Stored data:

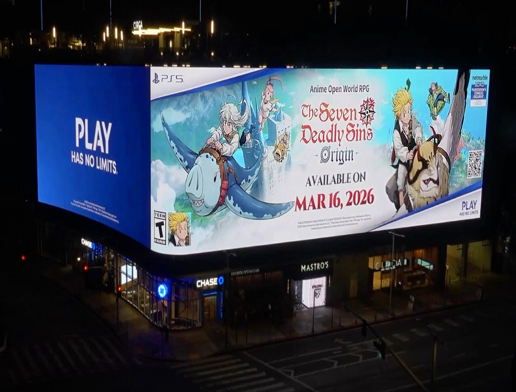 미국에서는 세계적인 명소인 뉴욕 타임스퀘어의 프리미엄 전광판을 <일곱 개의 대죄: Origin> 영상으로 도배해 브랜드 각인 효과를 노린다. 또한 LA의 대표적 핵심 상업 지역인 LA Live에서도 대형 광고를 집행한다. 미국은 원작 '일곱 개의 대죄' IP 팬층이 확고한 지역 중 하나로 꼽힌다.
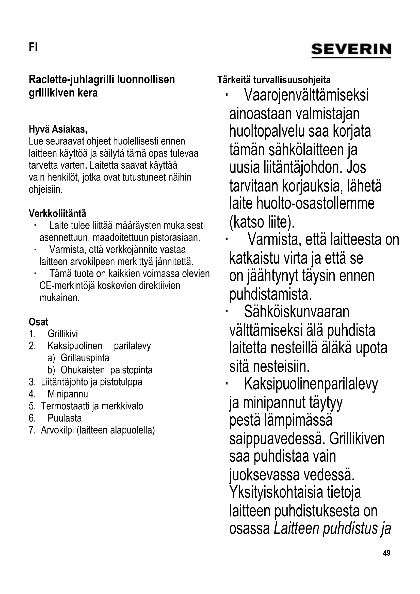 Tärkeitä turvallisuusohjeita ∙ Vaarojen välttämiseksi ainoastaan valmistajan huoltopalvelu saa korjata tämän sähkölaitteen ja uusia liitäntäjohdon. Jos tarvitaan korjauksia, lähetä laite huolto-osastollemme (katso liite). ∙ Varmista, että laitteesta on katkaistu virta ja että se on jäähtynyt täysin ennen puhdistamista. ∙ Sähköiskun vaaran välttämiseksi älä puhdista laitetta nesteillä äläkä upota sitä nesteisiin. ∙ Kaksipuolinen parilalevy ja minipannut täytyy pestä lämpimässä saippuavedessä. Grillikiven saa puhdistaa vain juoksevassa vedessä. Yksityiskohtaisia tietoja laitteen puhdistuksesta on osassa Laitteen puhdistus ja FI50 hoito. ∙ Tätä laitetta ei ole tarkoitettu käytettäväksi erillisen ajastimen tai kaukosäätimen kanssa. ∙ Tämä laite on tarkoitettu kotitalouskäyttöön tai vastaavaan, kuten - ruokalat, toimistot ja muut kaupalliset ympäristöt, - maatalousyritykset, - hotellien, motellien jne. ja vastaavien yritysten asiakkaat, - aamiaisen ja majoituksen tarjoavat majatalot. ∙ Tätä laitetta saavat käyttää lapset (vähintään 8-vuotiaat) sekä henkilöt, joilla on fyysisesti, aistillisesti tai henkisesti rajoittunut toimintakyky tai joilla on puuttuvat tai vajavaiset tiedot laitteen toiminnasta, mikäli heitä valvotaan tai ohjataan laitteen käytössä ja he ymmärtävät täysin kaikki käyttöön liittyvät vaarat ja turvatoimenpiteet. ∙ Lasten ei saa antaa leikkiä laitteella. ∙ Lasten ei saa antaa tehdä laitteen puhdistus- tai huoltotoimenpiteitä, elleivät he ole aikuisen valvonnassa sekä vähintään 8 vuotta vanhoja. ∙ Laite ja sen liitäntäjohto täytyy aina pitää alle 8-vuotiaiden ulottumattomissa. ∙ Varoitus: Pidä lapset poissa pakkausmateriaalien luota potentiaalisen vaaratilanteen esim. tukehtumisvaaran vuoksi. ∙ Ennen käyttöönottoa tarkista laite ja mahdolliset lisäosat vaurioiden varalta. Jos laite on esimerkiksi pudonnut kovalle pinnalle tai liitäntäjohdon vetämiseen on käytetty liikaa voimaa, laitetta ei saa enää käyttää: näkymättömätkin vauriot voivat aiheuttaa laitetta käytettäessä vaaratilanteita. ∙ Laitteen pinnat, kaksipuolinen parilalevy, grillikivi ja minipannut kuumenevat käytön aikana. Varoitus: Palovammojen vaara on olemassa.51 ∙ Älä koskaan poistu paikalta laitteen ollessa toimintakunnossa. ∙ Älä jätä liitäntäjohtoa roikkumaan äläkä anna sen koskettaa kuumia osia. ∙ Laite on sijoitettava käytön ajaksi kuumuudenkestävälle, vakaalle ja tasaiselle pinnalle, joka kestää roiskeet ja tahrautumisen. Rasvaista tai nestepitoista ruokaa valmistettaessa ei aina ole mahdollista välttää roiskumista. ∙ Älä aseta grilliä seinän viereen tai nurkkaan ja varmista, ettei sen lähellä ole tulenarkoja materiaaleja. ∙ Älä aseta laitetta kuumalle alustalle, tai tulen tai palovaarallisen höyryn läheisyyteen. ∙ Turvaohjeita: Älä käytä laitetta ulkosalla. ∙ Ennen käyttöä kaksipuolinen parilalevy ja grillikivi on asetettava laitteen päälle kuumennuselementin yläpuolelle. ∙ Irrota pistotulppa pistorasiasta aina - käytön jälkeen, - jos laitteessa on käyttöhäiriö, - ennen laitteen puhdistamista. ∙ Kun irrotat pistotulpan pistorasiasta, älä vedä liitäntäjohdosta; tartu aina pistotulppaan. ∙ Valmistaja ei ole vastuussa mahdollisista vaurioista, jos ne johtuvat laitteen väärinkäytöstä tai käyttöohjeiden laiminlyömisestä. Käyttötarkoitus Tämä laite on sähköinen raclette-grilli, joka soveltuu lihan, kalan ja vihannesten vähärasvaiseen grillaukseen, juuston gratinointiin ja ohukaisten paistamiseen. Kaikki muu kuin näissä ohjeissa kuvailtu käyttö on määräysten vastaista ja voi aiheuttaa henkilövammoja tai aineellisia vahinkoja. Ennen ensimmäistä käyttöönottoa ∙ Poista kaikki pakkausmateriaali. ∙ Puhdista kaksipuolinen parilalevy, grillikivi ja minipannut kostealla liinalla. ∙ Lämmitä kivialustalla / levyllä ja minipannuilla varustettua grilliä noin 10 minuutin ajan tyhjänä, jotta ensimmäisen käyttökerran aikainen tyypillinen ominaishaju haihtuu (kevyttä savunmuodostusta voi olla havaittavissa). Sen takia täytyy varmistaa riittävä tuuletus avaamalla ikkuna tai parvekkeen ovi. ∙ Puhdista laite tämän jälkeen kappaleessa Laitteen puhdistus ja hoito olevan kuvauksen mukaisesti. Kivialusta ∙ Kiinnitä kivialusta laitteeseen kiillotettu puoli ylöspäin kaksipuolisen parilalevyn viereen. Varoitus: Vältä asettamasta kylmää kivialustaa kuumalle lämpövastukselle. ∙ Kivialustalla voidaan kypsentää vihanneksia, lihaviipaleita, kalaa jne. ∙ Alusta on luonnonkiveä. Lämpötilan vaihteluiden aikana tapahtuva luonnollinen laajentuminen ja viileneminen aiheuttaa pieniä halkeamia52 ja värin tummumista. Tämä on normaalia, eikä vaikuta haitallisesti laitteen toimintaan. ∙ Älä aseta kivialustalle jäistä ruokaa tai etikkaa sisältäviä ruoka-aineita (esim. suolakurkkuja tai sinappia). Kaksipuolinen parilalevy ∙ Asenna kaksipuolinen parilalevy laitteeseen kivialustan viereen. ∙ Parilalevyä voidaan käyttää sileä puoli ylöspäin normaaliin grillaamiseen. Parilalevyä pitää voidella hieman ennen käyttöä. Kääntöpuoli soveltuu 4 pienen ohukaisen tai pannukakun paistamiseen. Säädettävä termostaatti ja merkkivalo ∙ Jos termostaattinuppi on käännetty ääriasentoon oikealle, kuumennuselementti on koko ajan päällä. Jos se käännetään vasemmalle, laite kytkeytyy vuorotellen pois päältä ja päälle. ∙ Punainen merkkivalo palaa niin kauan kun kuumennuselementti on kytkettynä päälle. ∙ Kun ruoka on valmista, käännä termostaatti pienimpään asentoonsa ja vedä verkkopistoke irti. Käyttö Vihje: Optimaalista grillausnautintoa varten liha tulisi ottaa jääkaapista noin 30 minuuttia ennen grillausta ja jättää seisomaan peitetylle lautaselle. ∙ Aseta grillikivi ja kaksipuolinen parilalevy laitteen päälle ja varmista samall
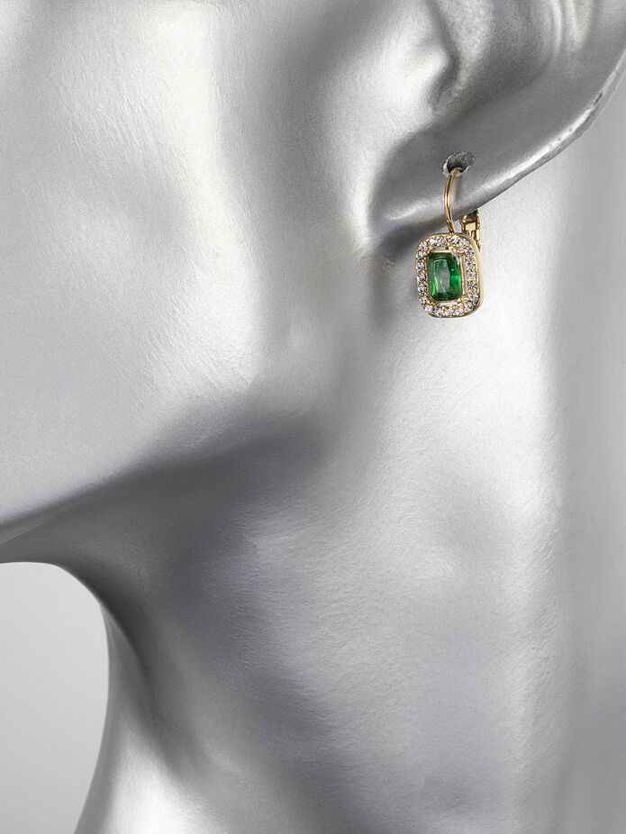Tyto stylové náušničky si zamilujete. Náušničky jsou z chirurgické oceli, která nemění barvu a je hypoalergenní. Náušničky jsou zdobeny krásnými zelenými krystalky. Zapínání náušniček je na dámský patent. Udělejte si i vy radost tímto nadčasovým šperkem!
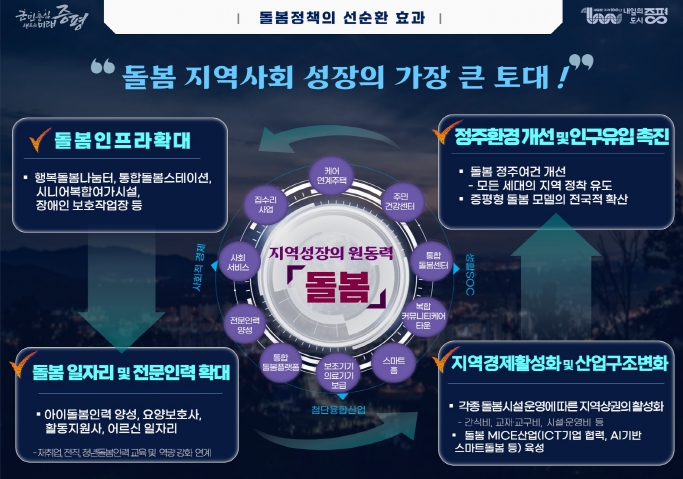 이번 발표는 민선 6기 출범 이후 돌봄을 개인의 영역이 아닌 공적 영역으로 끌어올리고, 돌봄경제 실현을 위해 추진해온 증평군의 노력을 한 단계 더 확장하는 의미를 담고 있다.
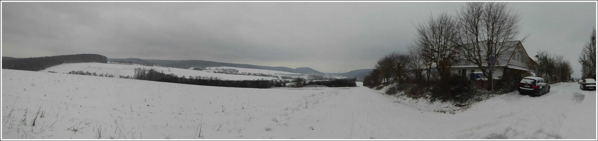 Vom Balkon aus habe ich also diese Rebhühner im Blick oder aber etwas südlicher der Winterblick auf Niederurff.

The problem: Copy exactly the lines from the one containing "Tyto stylové náušničky" to the end of the records, both included, and leave the pictures out.

Output:
Tyto stylové náušničky si zamilujete. Náušničky jsou z chirurgické oceli, která nemění barvu a je hypoalergenní. Náušničky jsou zdobeny krásnými zelenými krystalky. Zapínání náušniček je na dámský patent. Udělejte si i vy radost tímto nadčasovým šperkem!
 이번 발표는 민선 6기 출범 이후 돌봄을 개인의 영역이 아닌 공적 영역으로 끌어올리고, 돌봄경제 실현을 위해 추진해온 증평군의 노력을 한 단계 더 확장하는 의미를 담고 있다.
 Vom Balkon aus habe ich also diese Rebhühner im Blick oder aber etwas südlicher der Winterblick auf Niederurff.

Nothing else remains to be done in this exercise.